Remember what we said about your body constantly rebuilding itself? That goes for making itself better as well as making itself worse.
- If yesterday you couldn’t touch your toes and today you can, congratulations, you just got younger by a biological marker of aging.
- If you stopped drinking/smoking/eating a certain way last year, and this year your skin has fewer wrinkles, congratulations, you got younger by a biological marker of aging.
- If you’ve been exercising and now your heart rate variability and VO2 max are better than last month, congratulations, you got younger by a biological marker aging.

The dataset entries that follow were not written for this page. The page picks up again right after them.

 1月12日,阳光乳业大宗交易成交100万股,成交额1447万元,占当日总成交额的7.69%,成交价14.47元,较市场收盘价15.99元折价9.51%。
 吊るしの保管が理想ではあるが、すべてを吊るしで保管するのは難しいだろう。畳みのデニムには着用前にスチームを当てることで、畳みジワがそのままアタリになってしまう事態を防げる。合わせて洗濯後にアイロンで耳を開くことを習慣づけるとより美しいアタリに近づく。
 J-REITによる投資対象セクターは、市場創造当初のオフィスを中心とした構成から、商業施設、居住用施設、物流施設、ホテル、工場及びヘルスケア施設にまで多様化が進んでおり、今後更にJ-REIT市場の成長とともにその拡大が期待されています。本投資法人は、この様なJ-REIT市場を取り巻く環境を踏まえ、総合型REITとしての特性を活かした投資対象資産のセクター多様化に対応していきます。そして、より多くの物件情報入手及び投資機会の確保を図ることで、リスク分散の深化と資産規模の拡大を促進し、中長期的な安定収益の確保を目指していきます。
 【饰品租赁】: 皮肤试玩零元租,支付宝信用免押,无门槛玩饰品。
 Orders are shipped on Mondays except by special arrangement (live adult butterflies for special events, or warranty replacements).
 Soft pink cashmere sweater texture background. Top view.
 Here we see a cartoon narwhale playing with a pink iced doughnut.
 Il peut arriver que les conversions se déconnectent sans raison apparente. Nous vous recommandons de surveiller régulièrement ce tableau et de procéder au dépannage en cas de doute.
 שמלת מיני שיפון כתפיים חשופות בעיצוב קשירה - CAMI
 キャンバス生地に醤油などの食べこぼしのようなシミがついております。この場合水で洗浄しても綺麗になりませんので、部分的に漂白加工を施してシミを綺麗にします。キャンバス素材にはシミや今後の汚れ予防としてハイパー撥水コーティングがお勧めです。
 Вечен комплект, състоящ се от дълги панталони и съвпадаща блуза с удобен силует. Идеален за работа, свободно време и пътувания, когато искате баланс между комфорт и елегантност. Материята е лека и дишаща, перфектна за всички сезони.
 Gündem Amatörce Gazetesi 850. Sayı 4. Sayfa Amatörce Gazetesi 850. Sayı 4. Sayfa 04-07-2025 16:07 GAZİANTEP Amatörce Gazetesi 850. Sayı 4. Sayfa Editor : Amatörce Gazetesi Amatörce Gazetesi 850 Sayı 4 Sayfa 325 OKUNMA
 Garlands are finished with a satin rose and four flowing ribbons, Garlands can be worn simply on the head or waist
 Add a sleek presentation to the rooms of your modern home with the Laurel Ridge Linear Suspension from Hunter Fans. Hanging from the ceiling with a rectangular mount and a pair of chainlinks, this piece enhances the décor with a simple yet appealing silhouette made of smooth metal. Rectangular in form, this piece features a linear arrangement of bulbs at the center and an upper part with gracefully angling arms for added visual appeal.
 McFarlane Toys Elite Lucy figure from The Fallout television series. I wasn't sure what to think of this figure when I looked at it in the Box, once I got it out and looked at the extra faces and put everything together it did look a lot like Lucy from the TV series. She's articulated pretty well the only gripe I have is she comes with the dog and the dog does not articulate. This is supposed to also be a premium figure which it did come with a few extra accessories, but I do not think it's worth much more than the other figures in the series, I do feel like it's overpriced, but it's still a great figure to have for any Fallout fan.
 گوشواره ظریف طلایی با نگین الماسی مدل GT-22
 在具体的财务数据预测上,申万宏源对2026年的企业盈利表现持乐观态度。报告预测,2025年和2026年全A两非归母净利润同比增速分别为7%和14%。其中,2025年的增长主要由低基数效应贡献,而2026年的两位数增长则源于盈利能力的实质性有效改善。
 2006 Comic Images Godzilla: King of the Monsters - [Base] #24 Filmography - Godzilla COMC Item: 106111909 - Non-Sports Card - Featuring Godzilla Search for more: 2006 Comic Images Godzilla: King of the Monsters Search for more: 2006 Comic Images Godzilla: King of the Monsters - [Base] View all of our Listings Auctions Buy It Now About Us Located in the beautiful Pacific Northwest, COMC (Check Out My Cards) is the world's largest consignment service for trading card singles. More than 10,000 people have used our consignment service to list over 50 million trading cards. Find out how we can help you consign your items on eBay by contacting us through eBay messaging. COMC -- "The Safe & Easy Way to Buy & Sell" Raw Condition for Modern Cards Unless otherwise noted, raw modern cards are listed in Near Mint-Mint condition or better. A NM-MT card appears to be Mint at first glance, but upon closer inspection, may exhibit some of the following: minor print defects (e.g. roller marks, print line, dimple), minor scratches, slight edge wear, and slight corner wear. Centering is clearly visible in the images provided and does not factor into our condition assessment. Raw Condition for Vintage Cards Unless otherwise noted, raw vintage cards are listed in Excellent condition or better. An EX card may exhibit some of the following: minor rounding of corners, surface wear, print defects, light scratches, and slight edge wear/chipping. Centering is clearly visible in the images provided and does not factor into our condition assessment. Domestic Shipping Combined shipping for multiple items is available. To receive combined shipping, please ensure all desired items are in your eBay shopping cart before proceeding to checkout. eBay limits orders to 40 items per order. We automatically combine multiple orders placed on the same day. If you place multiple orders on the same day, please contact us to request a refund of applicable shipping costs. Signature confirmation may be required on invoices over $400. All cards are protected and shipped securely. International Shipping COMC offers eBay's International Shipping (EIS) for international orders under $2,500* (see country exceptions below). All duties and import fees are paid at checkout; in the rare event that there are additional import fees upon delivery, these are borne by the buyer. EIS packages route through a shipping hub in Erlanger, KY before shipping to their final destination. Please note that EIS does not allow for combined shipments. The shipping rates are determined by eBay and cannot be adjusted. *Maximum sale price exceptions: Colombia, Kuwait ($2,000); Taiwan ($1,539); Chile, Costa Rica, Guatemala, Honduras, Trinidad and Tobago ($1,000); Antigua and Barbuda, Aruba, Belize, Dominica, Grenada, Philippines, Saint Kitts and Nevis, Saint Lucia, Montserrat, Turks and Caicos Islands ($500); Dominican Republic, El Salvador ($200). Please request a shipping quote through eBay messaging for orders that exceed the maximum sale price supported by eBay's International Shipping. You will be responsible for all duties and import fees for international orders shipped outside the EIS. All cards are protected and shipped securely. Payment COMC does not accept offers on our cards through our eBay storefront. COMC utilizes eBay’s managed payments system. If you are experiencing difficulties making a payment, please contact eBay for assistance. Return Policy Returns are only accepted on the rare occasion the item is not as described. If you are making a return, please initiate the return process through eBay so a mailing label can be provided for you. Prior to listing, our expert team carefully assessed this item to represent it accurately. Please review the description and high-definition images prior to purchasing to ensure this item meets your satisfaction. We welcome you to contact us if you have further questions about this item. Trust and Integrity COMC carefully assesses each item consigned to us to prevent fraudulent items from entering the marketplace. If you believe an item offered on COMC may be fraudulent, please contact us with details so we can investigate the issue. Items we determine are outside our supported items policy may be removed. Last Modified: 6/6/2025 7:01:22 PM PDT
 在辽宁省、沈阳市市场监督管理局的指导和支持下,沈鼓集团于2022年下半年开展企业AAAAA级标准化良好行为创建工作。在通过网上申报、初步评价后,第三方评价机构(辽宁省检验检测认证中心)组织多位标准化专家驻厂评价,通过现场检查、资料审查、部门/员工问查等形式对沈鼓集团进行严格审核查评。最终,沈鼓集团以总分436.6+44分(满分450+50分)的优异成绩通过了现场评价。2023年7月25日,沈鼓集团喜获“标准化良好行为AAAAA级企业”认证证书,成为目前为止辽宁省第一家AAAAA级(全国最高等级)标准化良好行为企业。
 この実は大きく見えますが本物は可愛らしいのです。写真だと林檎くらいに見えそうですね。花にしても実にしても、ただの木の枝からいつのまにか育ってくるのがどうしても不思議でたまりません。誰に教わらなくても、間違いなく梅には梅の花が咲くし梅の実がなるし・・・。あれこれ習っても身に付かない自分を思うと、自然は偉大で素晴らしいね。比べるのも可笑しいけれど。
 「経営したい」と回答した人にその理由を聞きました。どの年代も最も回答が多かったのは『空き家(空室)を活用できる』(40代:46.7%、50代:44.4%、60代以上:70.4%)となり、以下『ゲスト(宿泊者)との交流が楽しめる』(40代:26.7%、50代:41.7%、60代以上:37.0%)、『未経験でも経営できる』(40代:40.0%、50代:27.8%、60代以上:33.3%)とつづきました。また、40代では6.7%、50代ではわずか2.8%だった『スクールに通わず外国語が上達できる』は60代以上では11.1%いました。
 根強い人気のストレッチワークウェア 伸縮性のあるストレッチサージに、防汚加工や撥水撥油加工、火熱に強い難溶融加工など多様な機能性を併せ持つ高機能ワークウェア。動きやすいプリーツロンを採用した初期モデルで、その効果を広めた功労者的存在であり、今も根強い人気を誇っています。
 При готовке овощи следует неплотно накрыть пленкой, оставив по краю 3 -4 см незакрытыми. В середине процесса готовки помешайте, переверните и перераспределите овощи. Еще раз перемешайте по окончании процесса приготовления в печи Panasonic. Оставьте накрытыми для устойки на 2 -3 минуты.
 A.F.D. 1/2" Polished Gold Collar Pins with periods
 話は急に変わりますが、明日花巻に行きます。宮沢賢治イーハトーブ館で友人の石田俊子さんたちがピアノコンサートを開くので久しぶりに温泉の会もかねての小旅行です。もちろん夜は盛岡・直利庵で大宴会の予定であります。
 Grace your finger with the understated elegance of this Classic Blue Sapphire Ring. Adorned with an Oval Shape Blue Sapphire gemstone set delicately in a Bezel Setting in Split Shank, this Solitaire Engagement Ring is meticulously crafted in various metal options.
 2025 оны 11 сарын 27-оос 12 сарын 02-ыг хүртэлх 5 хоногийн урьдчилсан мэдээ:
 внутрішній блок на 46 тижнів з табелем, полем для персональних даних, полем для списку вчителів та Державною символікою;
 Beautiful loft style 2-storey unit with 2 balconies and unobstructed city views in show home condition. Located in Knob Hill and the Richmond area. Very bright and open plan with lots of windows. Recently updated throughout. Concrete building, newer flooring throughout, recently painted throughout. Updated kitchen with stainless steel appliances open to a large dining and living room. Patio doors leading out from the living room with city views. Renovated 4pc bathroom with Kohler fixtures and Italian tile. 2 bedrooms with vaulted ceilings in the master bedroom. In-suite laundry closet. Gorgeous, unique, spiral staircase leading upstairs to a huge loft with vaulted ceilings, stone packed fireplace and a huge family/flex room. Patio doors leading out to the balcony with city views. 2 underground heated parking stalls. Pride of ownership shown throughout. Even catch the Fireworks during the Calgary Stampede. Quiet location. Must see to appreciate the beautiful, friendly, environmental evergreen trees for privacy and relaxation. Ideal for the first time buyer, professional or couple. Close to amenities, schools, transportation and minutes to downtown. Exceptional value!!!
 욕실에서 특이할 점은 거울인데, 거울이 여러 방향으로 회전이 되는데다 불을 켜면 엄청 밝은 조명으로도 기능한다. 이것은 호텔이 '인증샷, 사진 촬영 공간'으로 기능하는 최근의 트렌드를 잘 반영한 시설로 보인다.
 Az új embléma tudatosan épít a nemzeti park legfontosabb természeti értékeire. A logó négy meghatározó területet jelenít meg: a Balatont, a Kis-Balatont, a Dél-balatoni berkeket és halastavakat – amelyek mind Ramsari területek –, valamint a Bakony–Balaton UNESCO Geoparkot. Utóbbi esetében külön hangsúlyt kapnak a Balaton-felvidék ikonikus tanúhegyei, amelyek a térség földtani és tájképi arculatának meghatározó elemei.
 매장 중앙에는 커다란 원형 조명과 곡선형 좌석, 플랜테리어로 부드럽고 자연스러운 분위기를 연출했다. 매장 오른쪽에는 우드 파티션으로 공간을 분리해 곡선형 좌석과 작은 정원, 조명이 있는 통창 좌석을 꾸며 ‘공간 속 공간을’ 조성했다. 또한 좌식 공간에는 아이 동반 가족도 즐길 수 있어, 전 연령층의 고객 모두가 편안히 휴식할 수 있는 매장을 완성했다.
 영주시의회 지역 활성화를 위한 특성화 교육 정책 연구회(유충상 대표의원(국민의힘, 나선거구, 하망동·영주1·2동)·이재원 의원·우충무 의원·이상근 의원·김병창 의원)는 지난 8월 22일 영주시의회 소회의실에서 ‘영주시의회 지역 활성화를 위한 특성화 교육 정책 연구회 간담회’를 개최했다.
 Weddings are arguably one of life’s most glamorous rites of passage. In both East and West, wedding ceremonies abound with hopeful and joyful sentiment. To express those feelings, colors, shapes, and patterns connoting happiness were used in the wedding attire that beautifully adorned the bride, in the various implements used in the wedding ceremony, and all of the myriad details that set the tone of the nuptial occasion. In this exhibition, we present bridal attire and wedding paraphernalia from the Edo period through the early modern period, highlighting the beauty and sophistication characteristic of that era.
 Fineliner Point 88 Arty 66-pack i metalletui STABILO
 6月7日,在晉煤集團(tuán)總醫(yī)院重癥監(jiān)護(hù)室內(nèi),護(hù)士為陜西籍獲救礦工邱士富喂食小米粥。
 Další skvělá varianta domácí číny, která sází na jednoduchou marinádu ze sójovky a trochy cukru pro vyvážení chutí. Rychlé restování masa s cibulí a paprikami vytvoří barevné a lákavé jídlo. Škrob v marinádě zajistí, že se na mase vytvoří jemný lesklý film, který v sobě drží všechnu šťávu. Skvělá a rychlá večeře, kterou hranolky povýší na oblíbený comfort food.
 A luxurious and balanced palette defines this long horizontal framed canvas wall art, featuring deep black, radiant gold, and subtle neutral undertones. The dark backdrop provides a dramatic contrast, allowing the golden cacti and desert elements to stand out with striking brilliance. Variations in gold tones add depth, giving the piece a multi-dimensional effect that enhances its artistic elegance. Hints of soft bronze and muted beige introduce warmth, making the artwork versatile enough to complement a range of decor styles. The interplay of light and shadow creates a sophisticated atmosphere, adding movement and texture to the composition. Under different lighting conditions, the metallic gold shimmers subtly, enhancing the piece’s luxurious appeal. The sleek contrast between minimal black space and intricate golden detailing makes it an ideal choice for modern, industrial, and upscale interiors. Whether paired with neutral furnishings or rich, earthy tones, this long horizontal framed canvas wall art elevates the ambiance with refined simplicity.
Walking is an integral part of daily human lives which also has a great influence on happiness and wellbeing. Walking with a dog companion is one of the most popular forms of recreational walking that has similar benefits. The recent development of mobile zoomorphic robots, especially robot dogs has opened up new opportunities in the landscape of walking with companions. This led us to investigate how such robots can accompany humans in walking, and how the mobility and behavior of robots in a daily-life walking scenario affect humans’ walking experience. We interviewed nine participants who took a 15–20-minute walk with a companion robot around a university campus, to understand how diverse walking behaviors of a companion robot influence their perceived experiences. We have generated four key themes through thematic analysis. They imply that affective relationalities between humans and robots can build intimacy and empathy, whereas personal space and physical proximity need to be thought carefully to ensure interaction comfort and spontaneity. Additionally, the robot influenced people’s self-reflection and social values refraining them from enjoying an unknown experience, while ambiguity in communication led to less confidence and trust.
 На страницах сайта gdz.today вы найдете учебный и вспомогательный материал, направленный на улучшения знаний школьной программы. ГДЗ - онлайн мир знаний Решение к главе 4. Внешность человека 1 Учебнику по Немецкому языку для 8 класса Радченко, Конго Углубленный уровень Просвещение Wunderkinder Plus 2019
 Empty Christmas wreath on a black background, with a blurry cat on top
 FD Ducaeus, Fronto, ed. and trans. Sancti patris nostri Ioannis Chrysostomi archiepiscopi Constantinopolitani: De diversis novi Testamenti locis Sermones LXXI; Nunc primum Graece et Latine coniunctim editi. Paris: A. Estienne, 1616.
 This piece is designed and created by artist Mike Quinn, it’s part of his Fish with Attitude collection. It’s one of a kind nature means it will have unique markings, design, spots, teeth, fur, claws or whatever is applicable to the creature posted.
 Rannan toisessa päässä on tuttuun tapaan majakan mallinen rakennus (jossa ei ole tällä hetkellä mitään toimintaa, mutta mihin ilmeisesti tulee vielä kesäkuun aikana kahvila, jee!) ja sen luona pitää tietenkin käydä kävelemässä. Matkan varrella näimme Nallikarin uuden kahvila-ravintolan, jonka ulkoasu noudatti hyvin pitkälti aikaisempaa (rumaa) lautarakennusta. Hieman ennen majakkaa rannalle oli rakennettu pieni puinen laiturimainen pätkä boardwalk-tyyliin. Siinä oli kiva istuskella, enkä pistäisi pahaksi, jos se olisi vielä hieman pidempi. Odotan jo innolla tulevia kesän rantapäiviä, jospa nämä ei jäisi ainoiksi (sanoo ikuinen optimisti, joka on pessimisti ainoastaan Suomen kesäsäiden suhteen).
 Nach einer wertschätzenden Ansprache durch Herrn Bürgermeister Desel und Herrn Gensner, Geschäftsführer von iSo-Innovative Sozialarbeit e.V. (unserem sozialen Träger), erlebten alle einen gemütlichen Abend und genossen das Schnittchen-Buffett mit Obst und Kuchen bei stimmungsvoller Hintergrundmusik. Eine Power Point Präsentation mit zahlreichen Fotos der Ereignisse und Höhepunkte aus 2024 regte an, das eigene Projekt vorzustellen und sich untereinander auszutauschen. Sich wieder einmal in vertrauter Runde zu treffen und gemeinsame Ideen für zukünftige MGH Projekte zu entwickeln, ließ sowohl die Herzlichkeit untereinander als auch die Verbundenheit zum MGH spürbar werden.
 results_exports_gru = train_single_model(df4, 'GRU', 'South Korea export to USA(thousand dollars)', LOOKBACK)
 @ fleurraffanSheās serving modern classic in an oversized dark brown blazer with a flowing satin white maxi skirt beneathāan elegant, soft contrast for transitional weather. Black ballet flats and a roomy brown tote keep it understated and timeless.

- If you took supplements that reduce and/or mitigate oxidative stress (e.g. resveratrol, CoQ10, l-theanine, etc), and you took up intermittent fasting, and now your telomeres are longer than they were six months ago, congratulations, you got younger by a biological marker of aging.
But those aren’t really being younger, we’ll still die when our time is up: True or False?
False and True, respectively.
Those kinds of things are really being younger, biologically. What else do you think being biologically younger is?
We may indeed die when our time is up, but (unless we suffer fatal accident or incident first) “when our time is up” is something that is decided mostly by the above factors.
Genetics—the closest thing we have to biological “fate”—accounts for only about 25% of our longevity-related health*.
Genes predispose, but they don’t predetermine.